Last week, the unemployment rate dipped slightly as companies apparently began recalling workers from COVID-19-related furloughs.

But the Federal Reserve announced Wednesday it's not ready to raise interest rates and won’t be for quite some time. 

“In March, we quickly lowered our policy interest rate to near zero, where we expect to keep it until we are confident that the economy has weathered recent events and is on track to achieve our maximum employment and price stability goals,” Federal Reserve Chairman told reporters Wednesday. 

“What the June [Summary of Economic Projections] shows is a general expectation of an economic recovery beginning in the second half of this year and lasting over the next couple of years, supported by interest rates that remain at their current level, near zero,” Powell said.

In other words, Powell's forecast is for a yearslong recovery, even if the rate of economic growth ticks up next year to closer to 5%, as he expects.

A gradual recovery stands in stark contrast with the White House’s message of a fast so-called Transition to Greatness.
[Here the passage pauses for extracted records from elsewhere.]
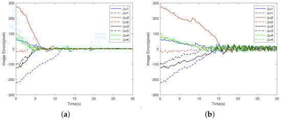 Trajectories of the image features of comparative simulations with time-varying external disturbances for the 6-DOF robot manipulator. (a) Trajectories of the image features in Case 3. (b) Trajectories of the image features in Case 4.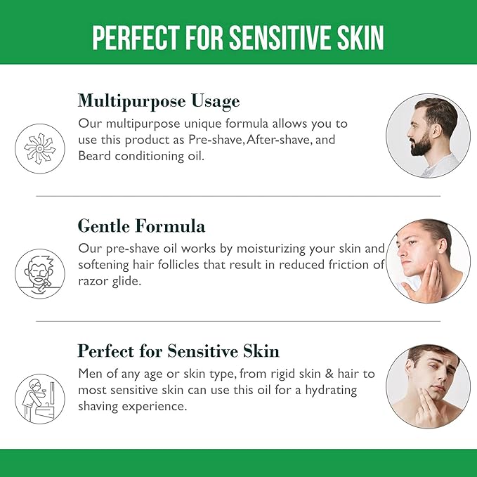 - ✅ WHY PRE SHAVE OIL: Our pre shave oil is formulated with naturally moisturizing, skin & hair loving oils like jojoba oil, grapeseed oil and avocado oil, our special formula ensures oil consistency & texture is not too thin that it does not create enough gliding or not too thick that it clogs the razors.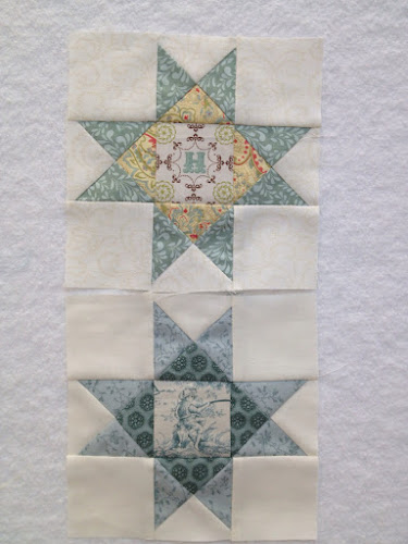 This is the set of templates we used for the class. It makes a 9" block and using them made the process very easy. We traced both inside and outside the template and cut on the outside line while the inside line was the stitching line. The templates are perfect for fussy cutting too.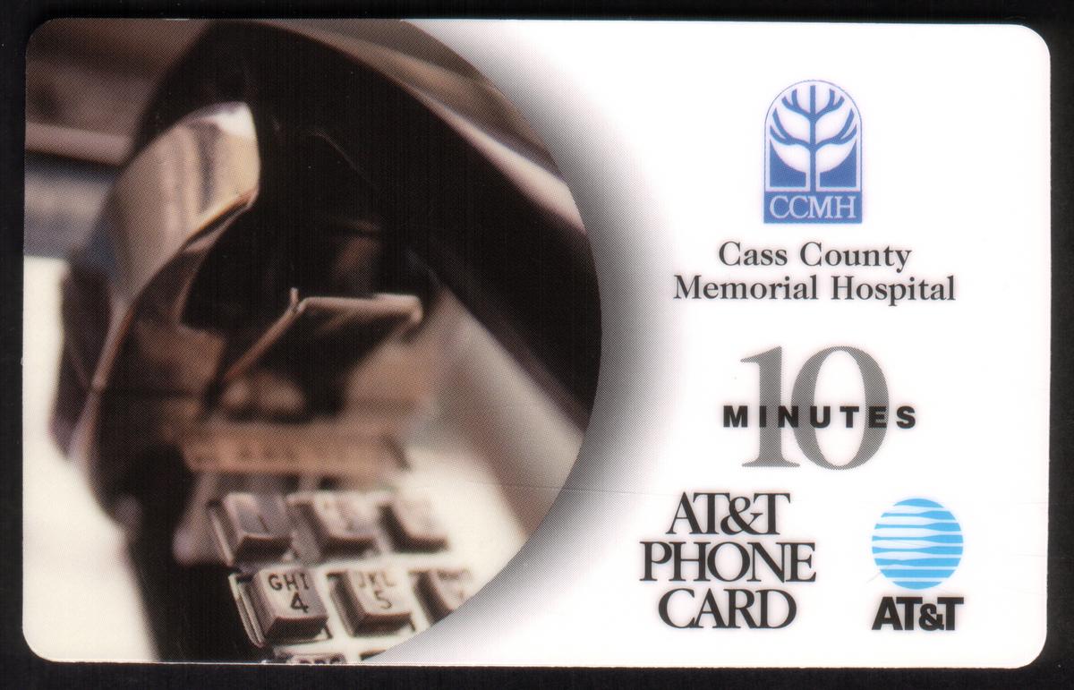 This collectible phone card features a detailed image of a payphone keypad and handset from Cass County Memorial Hospital (CCMH). The design highlights the functional components of the hospital’s payphone, including a close-up view of the numeric keypad and the attached handset, emphasizing the theme of medical facilities and communications. The card includes printed text identifying Cass County Memorial Hospital and CCMH, aligning with its promotional purpose.

“It was a pretty sobering message from Powell, that at the end of this year that we’d still have unemployment still almost at 10%,” Sarah Binder, a senior fellow at the Brookings Institution, told Newsy. “Powell’s overwhelming message was there is a lot of uncertainty here.”

Despite uncertainty, Powell told reporters he doesn’t think the current economic situation is anything like the Great Depression of the 1930s.

However, he does believe there will be an extended period where it will be difficult for unemployed Americans to find work.